In an article I wrote last week about the demise of Kiko (a web-based startup in the calendaring space), I hinted at the possibility that one of the reasons for Kiko’s demise may have been the entry of Google Calendar.  I further suggested in a bit of blogging sensationalism that “Google was the new Microsoft” (when it came to competition).  I was positing that much like startups of a decade or two ago took efforts to avoid being in the direct path of Microsoft, startups today should be watching Google and avoiding direct competition.

Richard White, one of the Kiko team members wrote an article describing the “Actual Lessons From Kiko”.  I’m not going to spend time arguing about what are actual lessons and what are not (though I will contend that you don’t actually have to have been part of the company to learn lessons from it).  What struck me was this piece of the article:  “Did Google Calendar kill Kiko?”.  The simple answer that Richard provides is “No.”  The slightly longer answer is “No, because we repositioned Kiko to take advantage of a market that most other players, including Google Calendar, were neglecting”.  The article goes on to talk about international users, date formats and supporting languages other than English.  

I think there is an important point here.  Competitors do not have to compete for customers to hurt your startup.  Simply changing your strategy (or even asserting that you’re not really directly competing) does not completely take away the impact of competitors, especially ones like Google.

Five Ways Competitors Can Hurt You
The following are five ways that competitors like Google can affect your startup.  Only one of them actually involves competing in the classic sense (i.e. taking away your potential customers).
  1. Taking Away Customers:  This is the most common and obvious ways a competitor can hurt you.  They take away potential customers and grab market-share.  When most people think about competition, this is what they think about.  This is indeed an important consideration, but not the only one.

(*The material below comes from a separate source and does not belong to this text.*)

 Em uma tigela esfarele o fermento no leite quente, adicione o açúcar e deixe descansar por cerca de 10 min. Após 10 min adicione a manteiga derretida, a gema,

  1. Scaring Investors:  When someone like Google is even perceived to be competing with you (whether you meant it or not), they can have a very direct impact on your ability to raise capital.  There are many VCs that will attribute significant risk to the fact that you’re competing with Google and label you as “too risky” to make an investment.  Note that they are measuring risk on a relative basis.  It’s not that they don’t think you have a chance, it’s that of the other hundreds of startups they’ll look at, someone else is perceived to have lower risk.  Net result for you is the same.  You don’t get the check.  Of course, not all startups need to raise money (but many, like Kiko, do).

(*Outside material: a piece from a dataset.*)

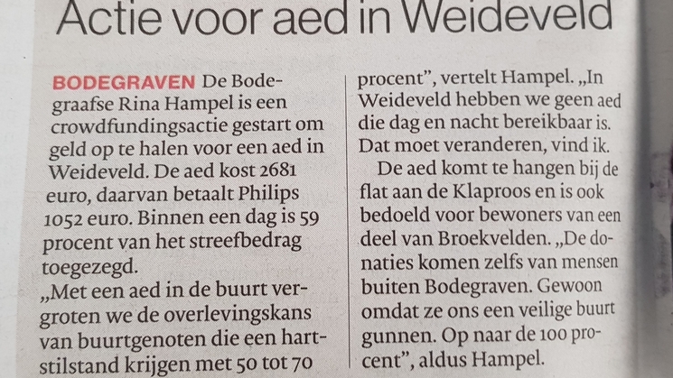 Van het platform buurtAED.nl kreeg ik een automatisch gegenereerd bericht dat de eindstreep in zicht is, en zo ervaar ik het ook. Maar we zijn er nog niet. Veel mensen weten nu van deze actie. Zaterdag stond er een bericht in het AD en er staat vandaag ook een bericht in de 'Kijk op Bodegraven-Reeuwijk'. Maar herhaling werkt, zouden jullie deze actie daarom (nog maals) kunnen delen op jullie social media kanalen. Zodra er namelijk berichten verschijnen merk ik dat ook aan de donaties die binnenkomen. Mensen krijgen weer een reminder, was het er nog niet van gekomen om te doneren, dan doen mensen dat alsnog.

  1. Grabbing The Stars:  This one is subtle.  Lets say you are working on really cool technology that is very, very hard to do.  Chances are, there are a limited number of people in the world that are the ideal candidates to join your team.  These are the would be rock-stars of your domain.  If Google (or some other large competitor) is also in the same category, you will possibly be competing with them to recruit your best people.  Though there are pros and cons to you vs. a Google, you’re deluding yourself if you think this doesn’t play a role.  For example, my current startup is not creating any particularly sophisticated technology (no video pattern matching or anything like that).  We are also not competing with Google in any significant way.  But, two of the last three people I attempted to recruit for my startup were seriously looking at Google as an alternative.  If I were hiring particularly specialized resources, the competition for people would have been more acute.  Though I can claim that there are advantages to working for my startup (instead of Google), I accept the reality that working for Google has its perks.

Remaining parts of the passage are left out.